C. difficile is resistant to temperature changes, hand sanitizers and most disinfectants Christopher L. Truitt, PhD, chief scientific officer at Infection Controls Inc., and colleagues wrote in the new study. It is frequently recovered from both symptomatic and asymptomatic carriers, and patients staying in rooms where the prior occupant had a C. difficile infection are at an increased risk for getting an infection themselves, they explained.

Truitt and colleagues conducted a retrospective analysis of C. difficile rates at Pennsylvania Hospital in Philadelphia — a 475-bed acute care facility — over a 10-year period. For the initial 5 years, they analyzed the before-and-after effects of aerosolized hydrogen peroxide (aHP) added to prevention protocols. Over the next 5 years, they assessed the impact of continued use of aHP on C. difficile rates.
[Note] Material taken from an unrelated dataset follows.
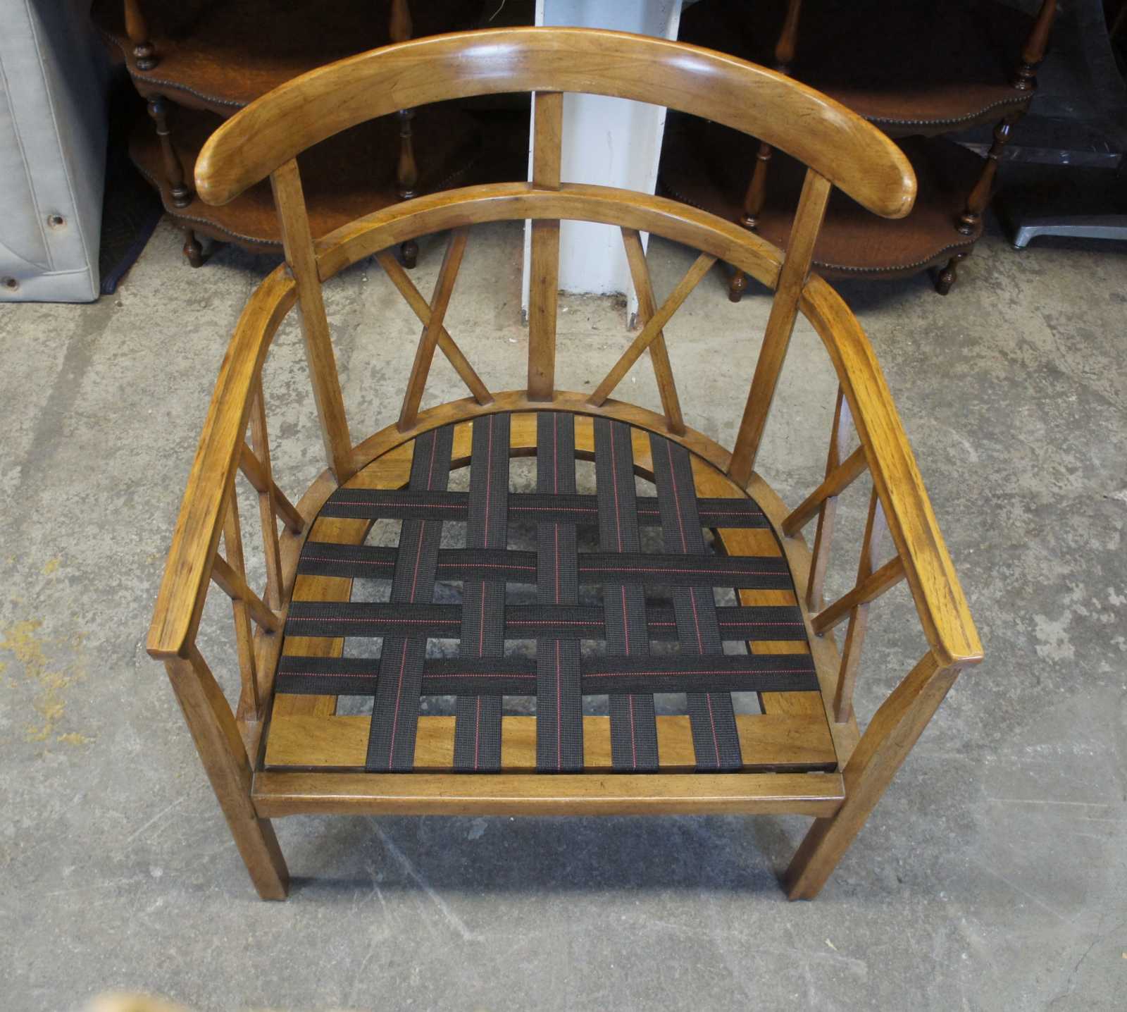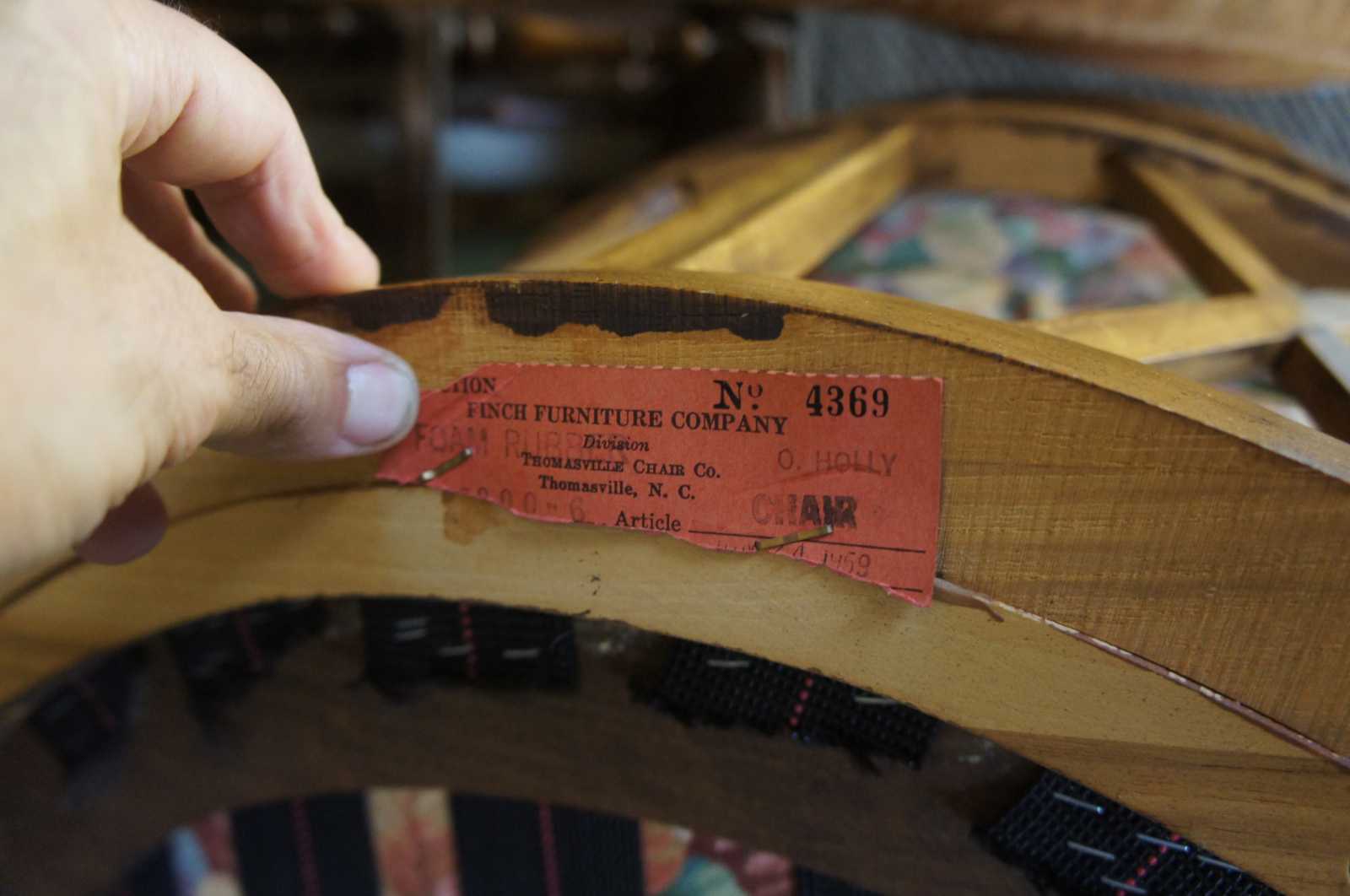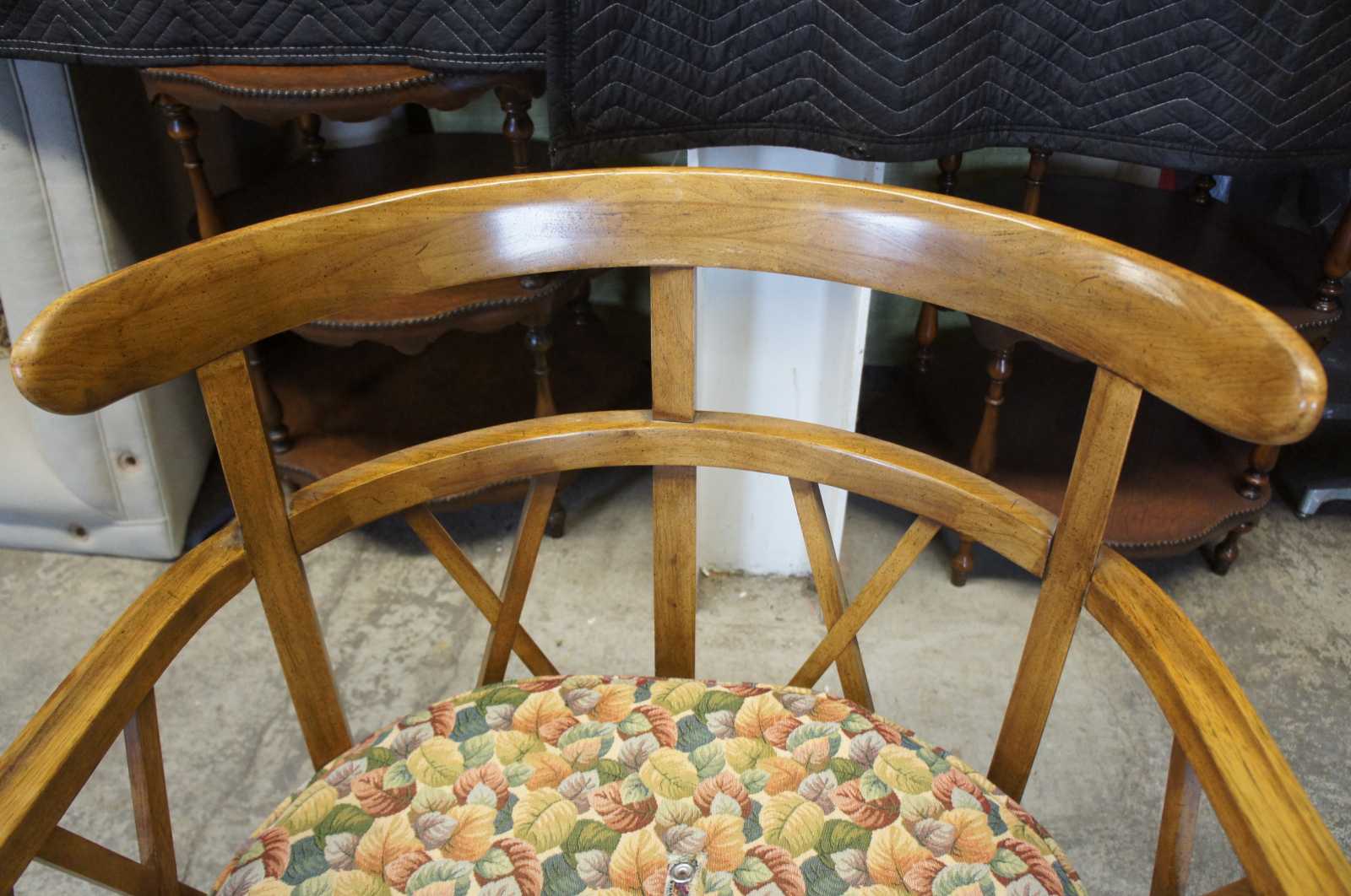 Three 1959 occasional arm chairs by Finch Furniture for Thomasville Chair Company. Made from walnut with a barrel back design and unique x shaped supports. The chairs feature a floral cushion and back support.

The period before aHP was implemented lasted 27 months, from July 2009 through September 2011. Once implementation began, the study period lasted 33 months, from April 2012 through December 2014. They excluded 6 months of the study period because aHP was not consistently used.

Throughout the study period, there were a total of 192 health care-associated C. difficile infections (HA-CDI). Of those, 120 occurred before the implementation of aHP, with a rate of 4.6 C. difficile infections per 10,000 days. After aHP implementation, there were 72 cases for a rate of 2.7 cases per 10,000 days.

“Our study showed that persistence in utilizing an aerosolized hydrogen peroxide system had a significant impact on reducing C. difficile infections hospitalwide,” Truitt said in a press release.

In the second 5-year portion of the study, the authors reported that the rate of C. difficile infections decreased annually — from 5.4 per 10,000 days in 2015 to 1.4 per 10,000 days in 2019. The standardized infection ratio dropped from 0.77 in 2015 to 0.5 in 2019.

“We report a 41% reduction in HA-CDI rates associated with aHP implementation,” the authors wrote. “To our knowledge, this is the first study showing the effectiveness of aHP in reducing CDI rates in a clinical setting.”